What the task asks: Exactly the lines from the line with "The ANNA girl's" through the final line of the records below, both ends included, are to be set down. Do not include pictures.

======== Information supplied ========

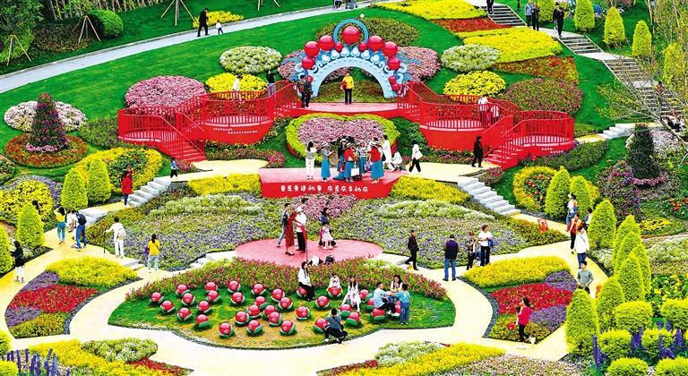 4月5日,重慶市巴南區(qū)巴濱花藝園春光明媚,百花盛開,游客前來踏青游玩。李攀 攝(中經視覺)
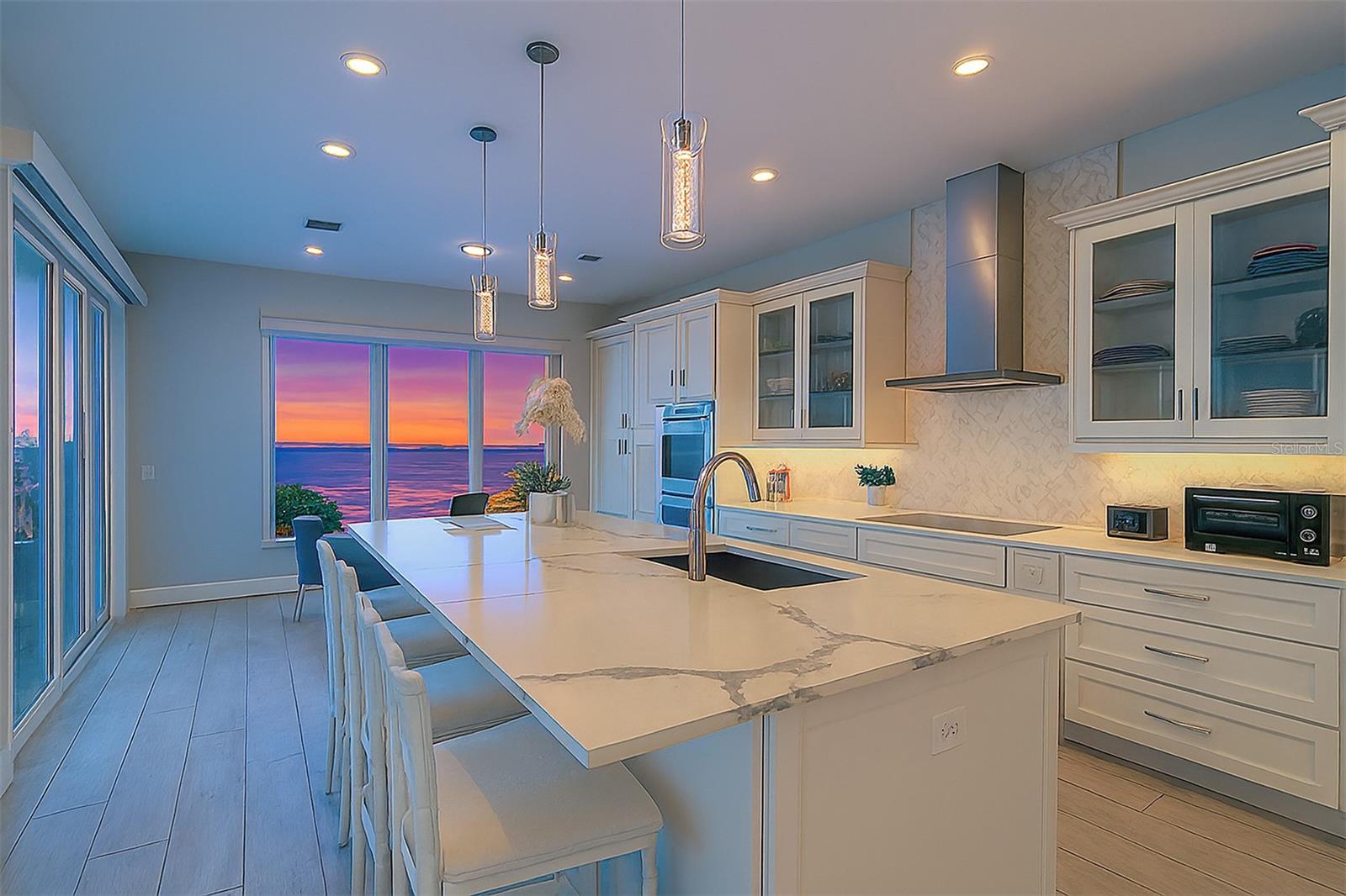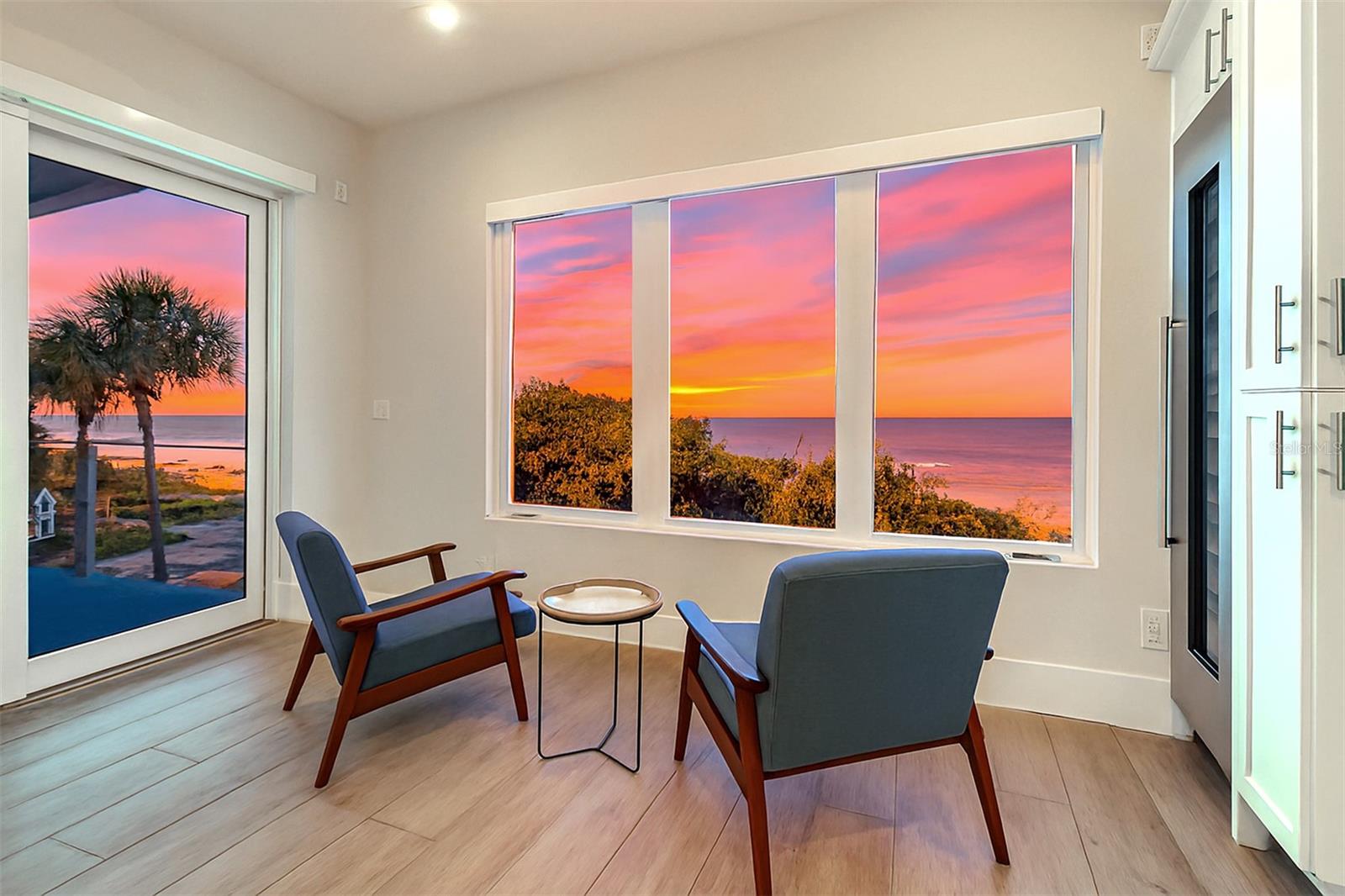 Direct beachfront luxury home in Indian Rocks Beach. Experience modern coastal living in this exceptional single-family home in sought-after Indian Rocks Beach. Built in 2022, this contemporary masterpiece combines striking design, quality construction, and breathtaking views, offering an unparalleled Florida lifestyle. This spacious four-bedroom, 5.5-bath residence boasts over 5,500 total square feet, 3,870 square feet under air, with solid block construction and storm-rated tinted windows and doors for energy efficiency and turtle protection. A three-car tandem garage accommodates up to six vehicles. Go outside to your private paradise with a beachfront heated swimming pool and hot tub, expansive lounge deck with sun chairs, picnic tables and barbecue grill, and a private path with direct access to the sugar-sand beach. Inside, a custom double-door entry with etched glass tropical artwork welcomes you into a grand foyer with elevator access to all four levels. The main living level offers a coastal-elegant ambiance with floor-to-ceiling windows framing epic water, beach, sunrise and sunset views. Driftwood-inspired plank tile flooring flows throughout. The gourmet chef’s kitchen is a dream with a large island with seating, premium Thermador stainless steel appliances, built-in double ovens, cooktop range and hood, full-size wine refrigerator, custom wood cabinetry, white with gray veined quartz countertops, intricate tile backsplash and designer pendant lighting. Both the kitchen and living area open to a spacious balcony overlooking the pool and beach. This level also features a guest bedroom with en suite, powder room, and laundry/mechanical room. The third level hosts the luxurious beachfront primary suite with a sprawling balcony, spa-inspired bath with a free-standing soaking tub, custom tile shower with glass enclosure, and a walk-in closet with custom built-ins. Two additional bedrooms with en suites, each with designer baths, share a hallway featuring a stylish wet bar with sink, mini-refrigerator and stone countertops. The top floor offers a unique loft-style studio complete with a kitchenette, queen-size pullout sofa, full bath, and two sliding doors leading to a rooftop terrace with 360-degree panoramic views of the Gulf and beyond. Ideal as a primary residence, vacation retreat or high-income investment property, this home has no minimum rental restrictions and comes fully furnished with elegant coastal décor, turnkey and ready to enjoy. In walking distance to charming shops, boutiques, restaurants and pubs, with convenient access to Clearwater Beach, major bridges and two international airports, enjoy world-class fishing, snorkeling, paddle boarding, boating, or simply unwind on the beach with a cold drink as the sun sets over the Gulf.
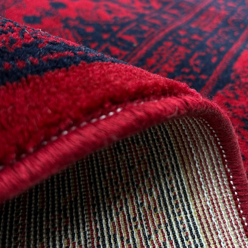 فرش ماشینی 500 شانه زمینه قرمز لاکی حاشیه قرمز لاکی مدل بلوچ کد ۱۲
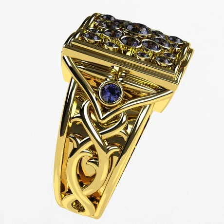Bague large pour homme avec une multitude de pierres de saphir bleus.
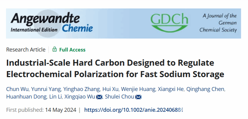 该成果以“Industrial-scale Hard Carbon Designed to Regulate Electrochemical Polarization for Fast Sodium Storage”为题,发表在Angewandte Chemie International Edition上。我院博士后吴春、2021级硕士生杨云锐为论文共同第一作者,侴术雷教授、吴星樵博士为该论文共同通讯作者,万象城手机网页版登录入口为第一通讯单位。相关工作受到国家自然科学基金、浙江省自然科学基金、温州市自然科学基金等资助。
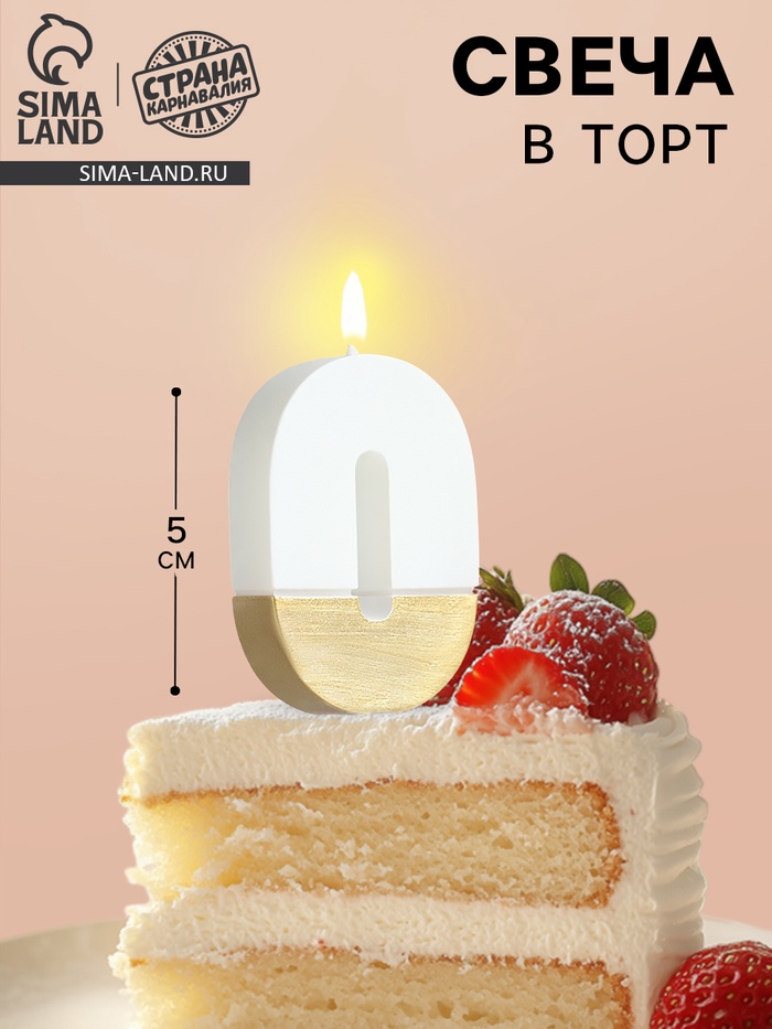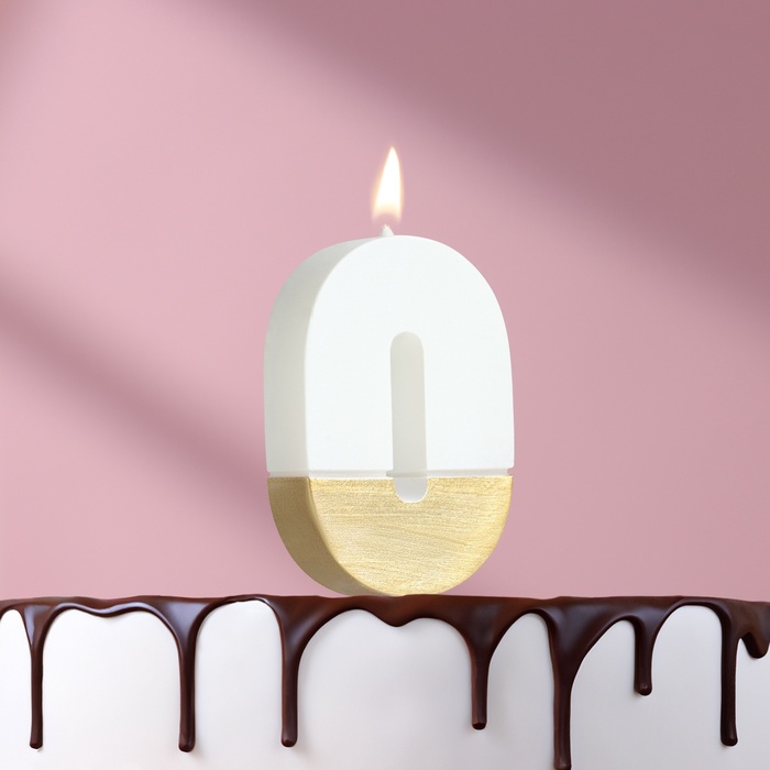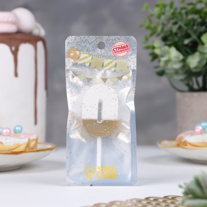Свеча в торт «Манхеттен», цифра 0, белая с золотом, 5 см
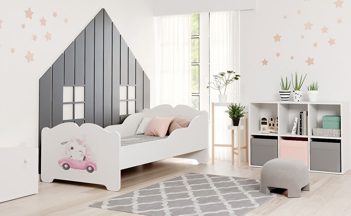 The ANNA girl's bed measuring 160x80 is a combination of functionality, safety, and aesthetics. Classic white with a cute girl print on the footboard perfectly fits into a child's space, creating a cozy and stylish sleeping area.
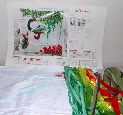 Compleet pakket met garen, linten, naalden, werkomschrijving en kussensloop.
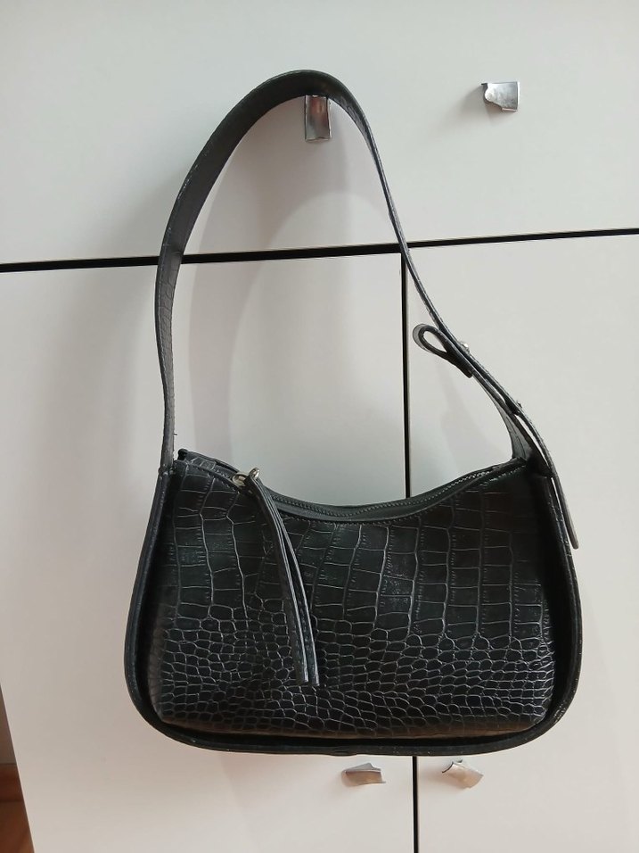 Siyah yılan derisi desenli deri kadın çantası, tokalı askıya sahiptir. Minimalist ve klasik tarz için uygundur, günlük kullanıma idealdir.
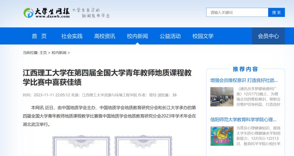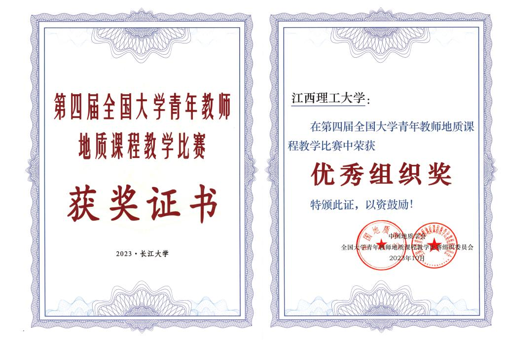 在青年教师地质课程教学比赛中,来自全国69所高等院校的176名青年教师,组委会和专家仲裁组90余位专家、教学名师参加了本届比赛决赛,经过激烈的比拼,九州体育在线选派的青年教师刘强博士、李瑞雪博士、黄震博士凭借出色的表现,均荣获全国二等奖,充分展现了江西理工大学青年教师在高等教育领域的突出实力和优秀教学水平。此外,江西理工大学还荣获“优秀组织奖”。
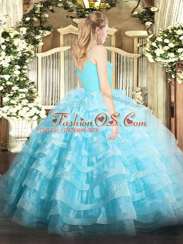 Lavender Organza Zipper Spaghetti Straps Sleeveless Floor Length Quinceanera Gown Ruffled Layers
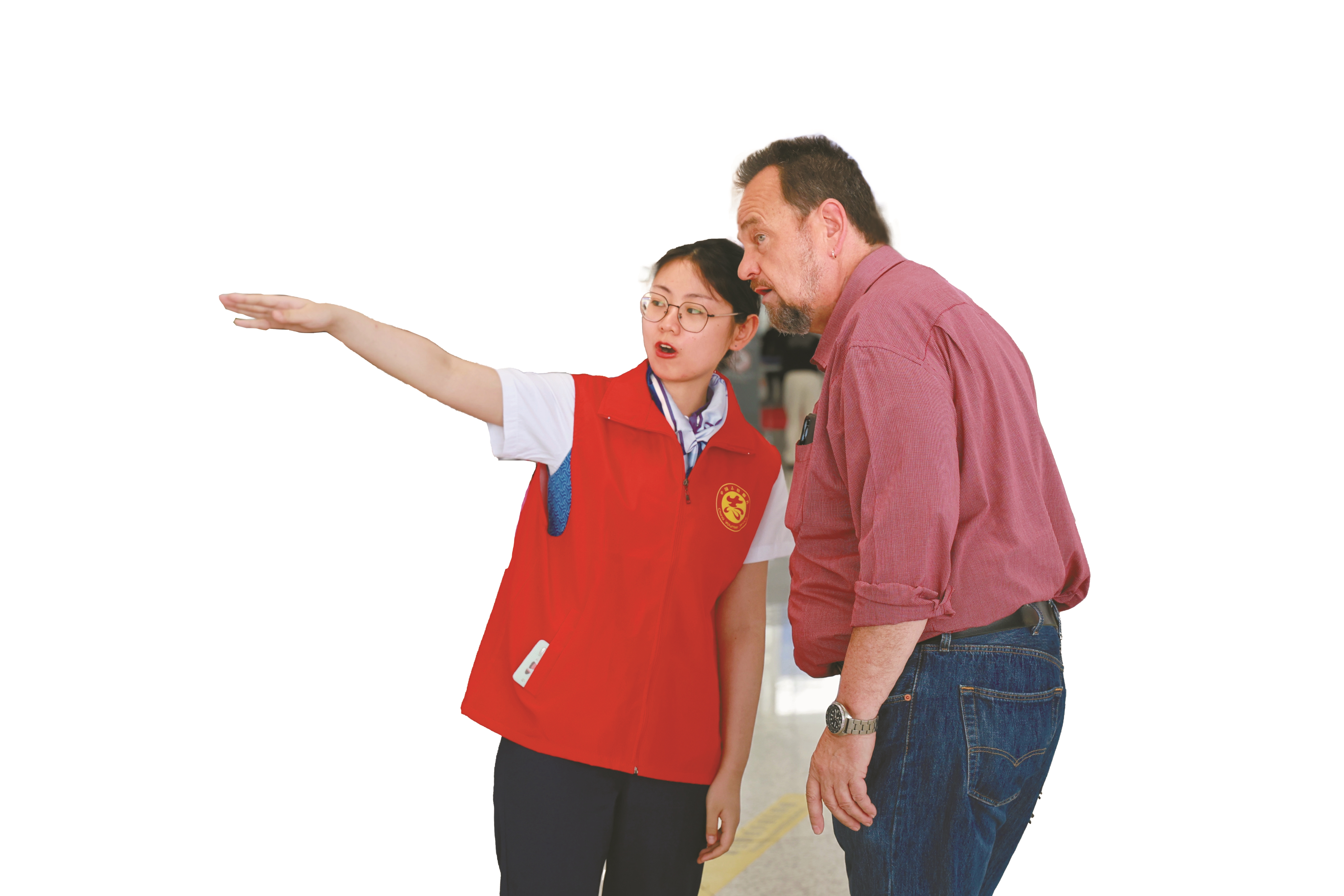 这种敏锐在前几天就派上了用场。当时正在做志愿者的胡恒力,目光突然被人群中一个特殊身影吸引:一名坐在轮椅上的旅客双臂固定着支具,眉头紧锁,眼神透着焦虑。她立即快步上前,半蹲下身轻声询问。原来这名双手骨折的旅客因体内金属植入物需提前联系航空公司申请特殊服务。
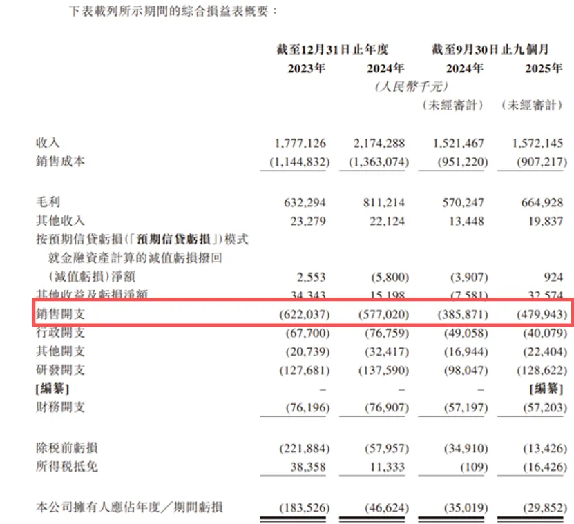 招股书显示,2023年至2025年前三季度,公司累计净亏损约2.6亿元,而亏损的核心原因并非高研发投入,而是“烧钱式”的品牌推广;

========

Solution to this task:
 The ANNA girl's bed measuring 160x80 is a combination of functionality, safety, and aesthetics. Classic white with a cute girl print on the footboard perfectly fits into a child's space, creating a cozy and stylish sleeping area.
 Compleet pakket met garen, linten, naalden, werkomschrijving en kussensloop.
 Siyah yılan derisi desenli deri kadın çantası, tokalı askıya sahiptir. Minimalist ve klasik tarz için uygundur, günlük kullanıma idealdir.
 在青年教师地质课程教学比赛中,来自全国69所高等院校的176名青年教师,组委会和专家仲裁组90余位专家、教学名师参加了本届比赛决赛,经过激烈的比拼,九州体育在线选派的青年教师刘强博士、李瑞雪博士、黄震博士凭借出色的表现,均荣获全国二等奖,充分展现了江西理工大学青年教师在高等教育领域的突出实力和优秀教学水平。此外,江西理工大学还荣获“优秀组织奖”。
 Lavender Organza Zipper Spaghetti Straps Sleeveless Floor Length Quinceanera Gown Ruffled Layers
 这种敏锐在前几天就派上了用场。当时正在做志愿者的胡恒力,目光突然被人群中一个特殊身影吸引:一名坐在轮椅上的旅客双臂固定着支具,眉头紧锁,眼神透着焦虑。她立即快步上前,半蹲下身轻声询问。原来这名双手骨折的旅客因体内金属植入物需提前联系航空公司申请特殊服务。
 招股书显示,2023年至2025年前三季度,公司累计净亏损约2.6亿元,而亏损的核心原因并非高研发投入,而是“烧钱式”的品牌推广;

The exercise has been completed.